### WHAT YOU ARE ASKED TO DO
Beginning with the line containing "АЭРОСИБ, транспортная компания" and ending with the line containing "Shlezinger Vorname unbekannt", write out each line of the records below exactly; pictures and lines outside that range are left out.

### GIVEN ENTRIES
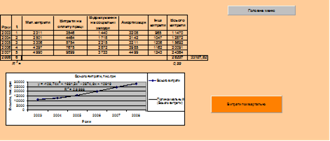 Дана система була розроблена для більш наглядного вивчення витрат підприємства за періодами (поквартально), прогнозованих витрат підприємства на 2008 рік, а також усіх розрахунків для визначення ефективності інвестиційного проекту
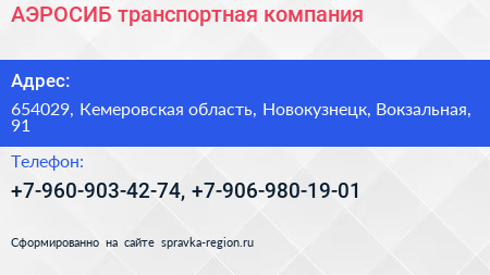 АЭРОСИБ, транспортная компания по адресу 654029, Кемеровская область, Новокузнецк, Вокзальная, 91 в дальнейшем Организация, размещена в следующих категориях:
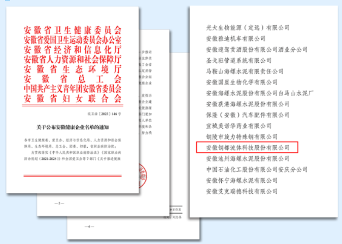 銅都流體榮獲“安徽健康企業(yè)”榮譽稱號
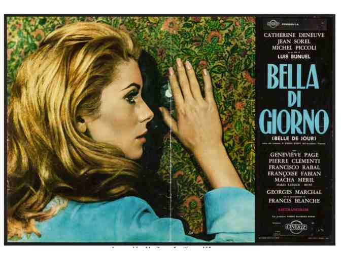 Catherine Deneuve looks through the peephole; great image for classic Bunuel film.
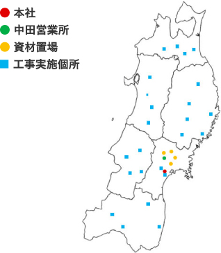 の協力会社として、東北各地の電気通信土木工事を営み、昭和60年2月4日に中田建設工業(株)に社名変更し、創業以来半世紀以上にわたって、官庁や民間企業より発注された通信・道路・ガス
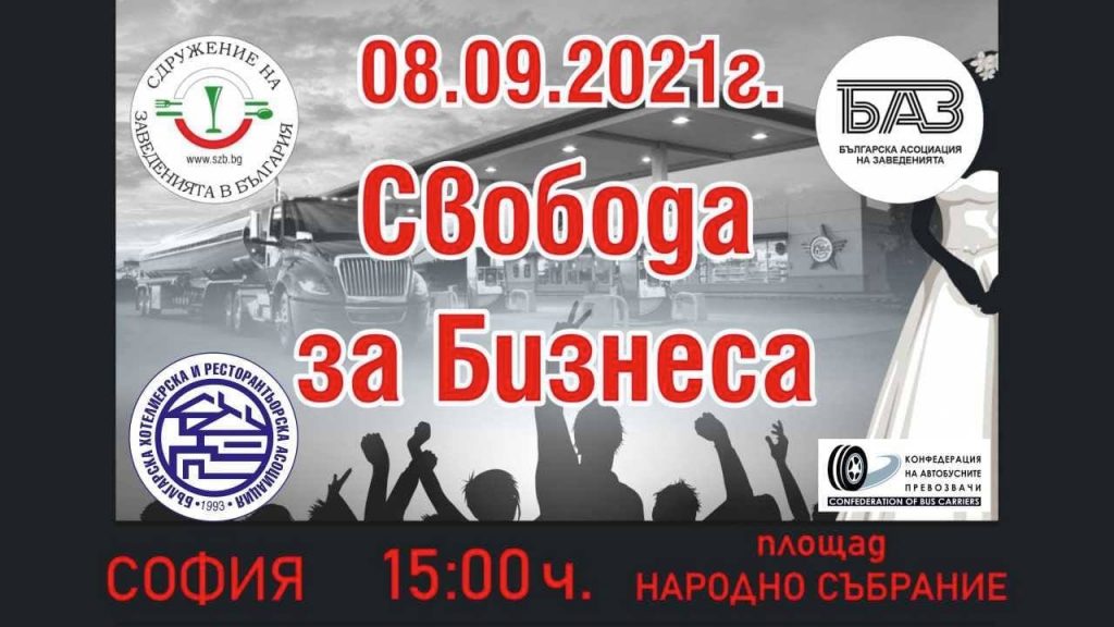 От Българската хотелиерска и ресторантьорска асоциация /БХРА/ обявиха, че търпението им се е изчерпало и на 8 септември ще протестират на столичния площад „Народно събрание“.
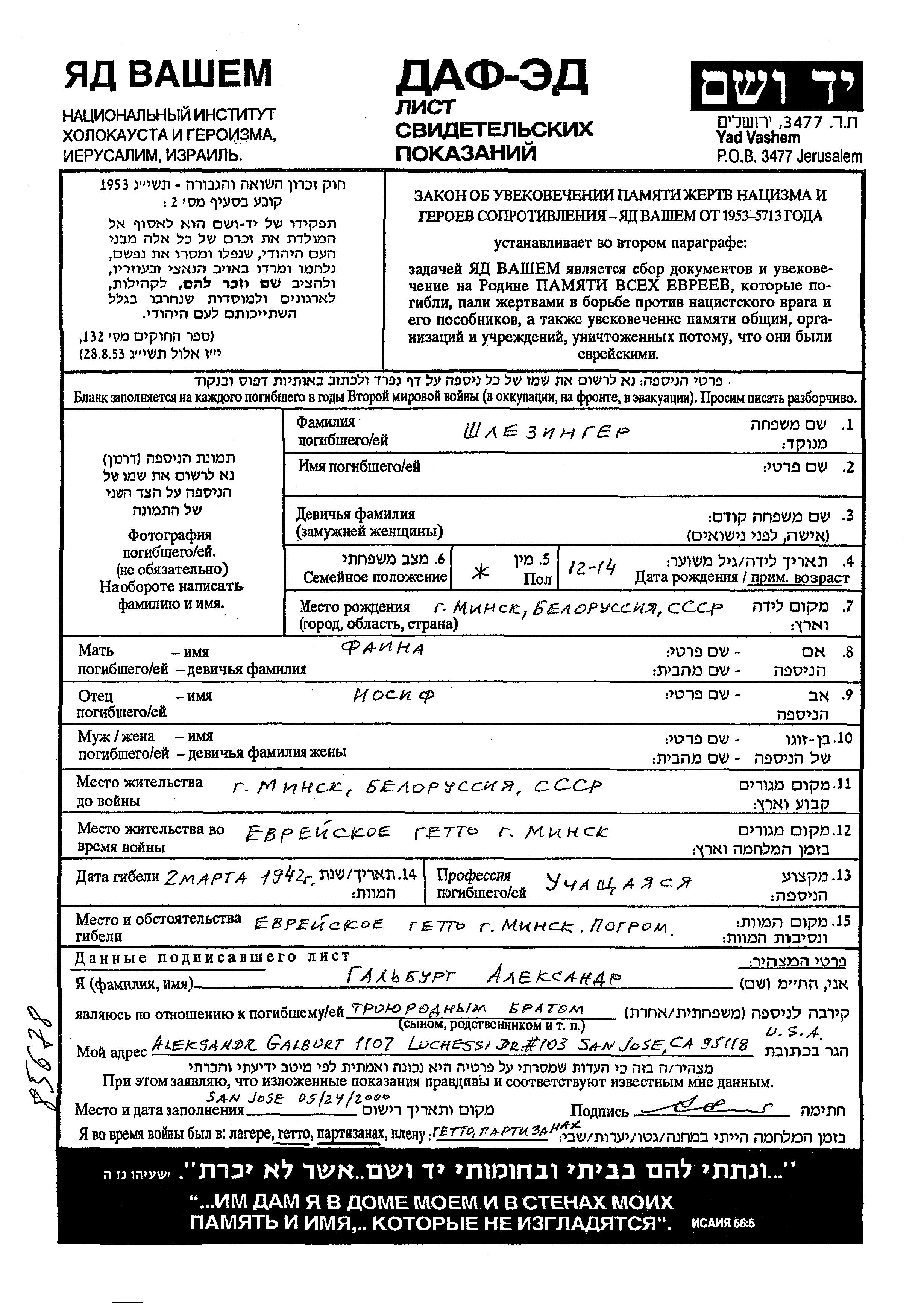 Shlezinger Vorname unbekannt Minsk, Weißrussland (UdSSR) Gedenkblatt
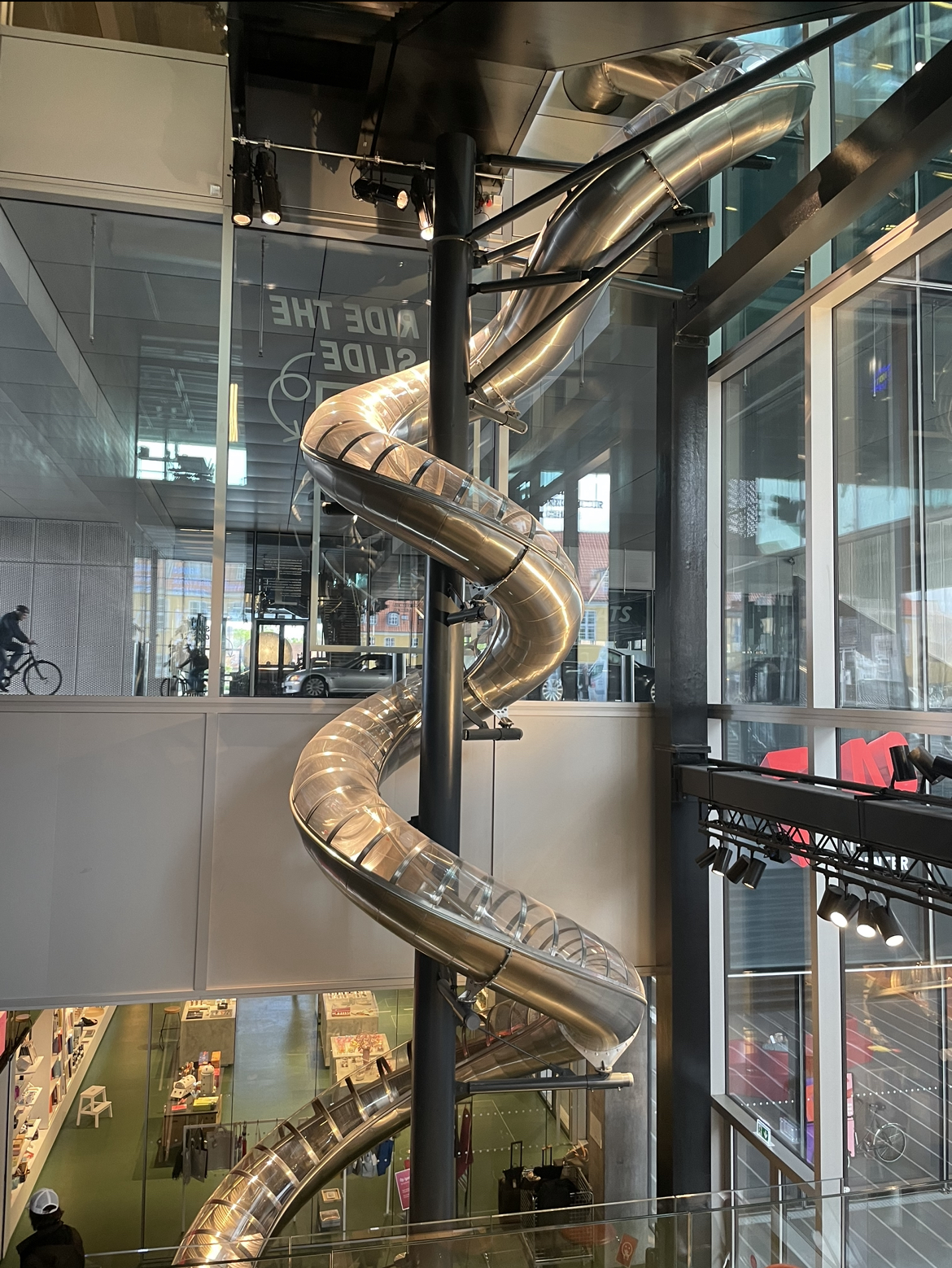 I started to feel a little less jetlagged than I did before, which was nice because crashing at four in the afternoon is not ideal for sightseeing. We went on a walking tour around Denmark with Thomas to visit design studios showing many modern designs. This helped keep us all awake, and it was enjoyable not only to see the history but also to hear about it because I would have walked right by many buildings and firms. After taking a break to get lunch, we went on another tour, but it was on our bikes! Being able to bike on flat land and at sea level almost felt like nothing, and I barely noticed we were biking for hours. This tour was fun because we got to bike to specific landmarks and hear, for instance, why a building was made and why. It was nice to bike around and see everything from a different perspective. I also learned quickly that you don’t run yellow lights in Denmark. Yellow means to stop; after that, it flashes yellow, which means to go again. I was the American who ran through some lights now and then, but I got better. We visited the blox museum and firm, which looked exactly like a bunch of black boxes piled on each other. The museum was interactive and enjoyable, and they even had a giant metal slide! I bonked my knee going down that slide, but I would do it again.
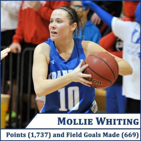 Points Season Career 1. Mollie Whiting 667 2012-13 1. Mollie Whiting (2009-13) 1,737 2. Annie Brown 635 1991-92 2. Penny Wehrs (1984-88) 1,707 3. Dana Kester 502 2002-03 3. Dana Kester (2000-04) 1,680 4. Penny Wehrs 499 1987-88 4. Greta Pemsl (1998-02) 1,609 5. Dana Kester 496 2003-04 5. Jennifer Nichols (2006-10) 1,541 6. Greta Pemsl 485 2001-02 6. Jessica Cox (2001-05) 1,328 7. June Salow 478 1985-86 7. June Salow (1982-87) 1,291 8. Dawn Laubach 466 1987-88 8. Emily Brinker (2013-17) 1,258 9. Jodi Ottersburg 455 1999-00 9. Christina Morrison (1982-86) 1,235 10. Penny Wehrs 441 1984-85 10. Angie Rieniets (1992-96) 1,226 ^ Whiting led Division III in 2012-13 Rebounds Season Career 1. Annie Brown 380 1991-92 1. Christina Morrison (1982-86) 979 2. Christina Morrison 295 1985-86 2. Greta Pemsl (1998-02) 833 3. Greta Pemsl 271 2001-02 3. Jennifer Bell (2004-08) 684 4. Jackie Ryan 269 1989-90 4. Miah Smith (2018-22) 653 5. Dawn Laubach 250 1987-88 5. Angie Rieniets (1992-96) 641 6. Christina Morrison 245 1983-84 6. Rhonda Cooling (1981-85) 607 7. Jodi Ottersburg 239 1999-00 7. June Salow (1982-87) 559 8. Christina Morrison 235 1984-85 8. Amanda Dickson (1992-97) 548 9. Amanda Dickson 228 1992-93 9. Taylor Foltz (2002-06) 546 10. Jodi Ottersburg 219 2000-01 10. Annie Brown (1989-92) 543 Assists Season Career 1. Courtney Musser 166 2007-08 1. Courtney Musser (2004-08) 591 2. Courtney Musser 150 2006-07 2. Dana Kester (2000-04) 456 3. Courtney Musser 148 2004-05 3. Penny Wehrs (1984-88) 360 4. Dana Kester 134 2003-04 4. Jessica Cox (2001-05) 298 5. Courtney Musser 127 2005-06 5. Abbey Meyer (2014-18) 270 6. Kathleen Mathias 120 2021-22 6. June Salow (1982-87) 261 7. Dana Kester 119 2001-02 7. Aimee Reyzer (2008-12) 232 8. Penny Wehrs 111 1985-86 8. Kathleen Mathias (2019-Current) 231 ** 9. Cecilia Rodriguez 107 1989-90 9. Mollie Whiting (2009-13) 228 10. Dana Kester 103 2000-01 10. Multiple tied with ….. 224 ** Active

### ANSWER SPACE
 АЭРОСИБ, транспортная компания по адресу 654029, Кемеровская область, Новокузнецк, Вокзальная, 91 в дальнейшем Организация, размещена в следующих категориях:
 銅都流體榮獲“安徽健康企業(yè)”榮譽稱號
 Catherine Deneuve looks through the peephole; great image for classic Bunuel film.
 の協力会社として、東北各地の電気通信土木工事を営み、昭和60年2月4日に中田建設工業(株)に社名変更し、創業以来半世紀以上にわたって、官庁や民間企業より発注された通信・道路・ガス
 От Българската хотелиерска и ресторантьорска асоциация /БХРА/ обявиха, че търпението им се е изчерпало и на 8 септември ще протестират на столичния площад „Народно събрание“.
 Shlezinger Vorname unbekannt Minsk, Weißrussland (UdSSR) Gedenkblatt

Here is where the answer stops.